Assigned task: The listing below must be repeated word for word, with its images excluded.

┌─ Supplied material

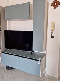 La parete TV ha i frontali ed il piano TV laccati colore azzurro polvere con finitura opaca e la struttura è bianco opaco ruvida.
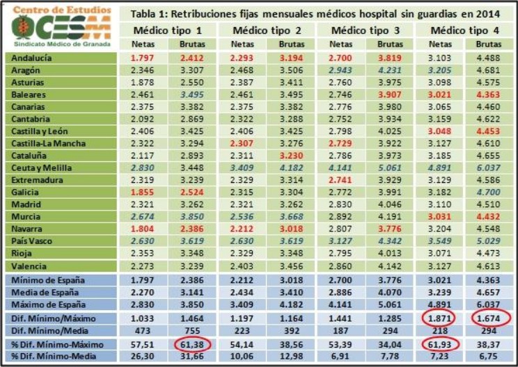 Sin embargo, en el caso de los médicos las diferencias de retribución en términos netos oscilan entre los 1.033 y los 1.871 euros al mes en función del puesto y la comunidad autónoma de que se trate, tal y como refleja un informe elaborado por el Centro de Estudios del Sindicato Médico de Granada en 2014.
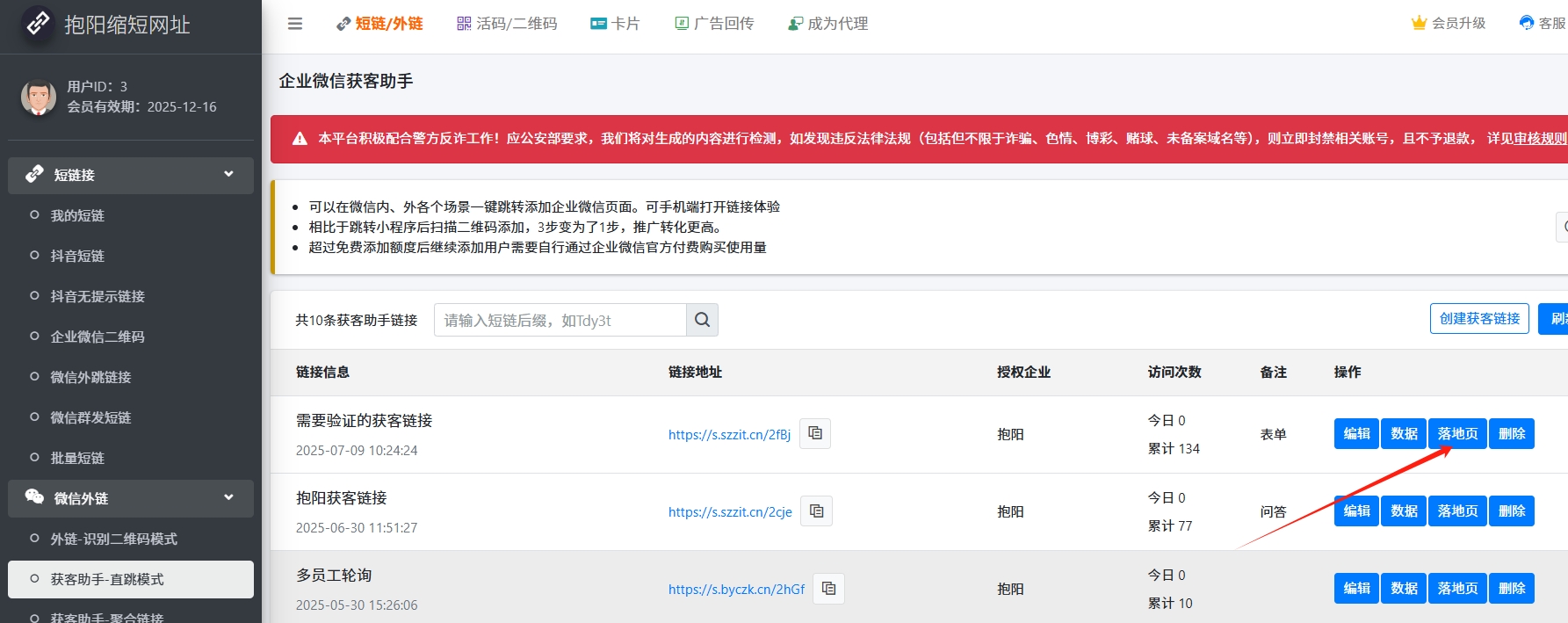 选择【短链/外链】-【获客助手-直跳模式】,这里新建链接,

└─

Answer to this exercise:
 La parete TV ha i frontali ed il piano TV laccati colore azzurro polvere con finitura opaca e la struttura è bianco opaco ruvida.
 Sin embargo, en el caso de los médicos las diferencias de retribución en términos netos oscilan entre los 1.033 y los 1.871 euros al mes en función del puesto y la comunidad autónoma de que se trate, tal y como refleja un informe elaborado por el Centro de Estudios del Sindicato Médico de Granada en 2014.
 选择【短链/外链】-【获客助手-直跳模式】,这里新建链接,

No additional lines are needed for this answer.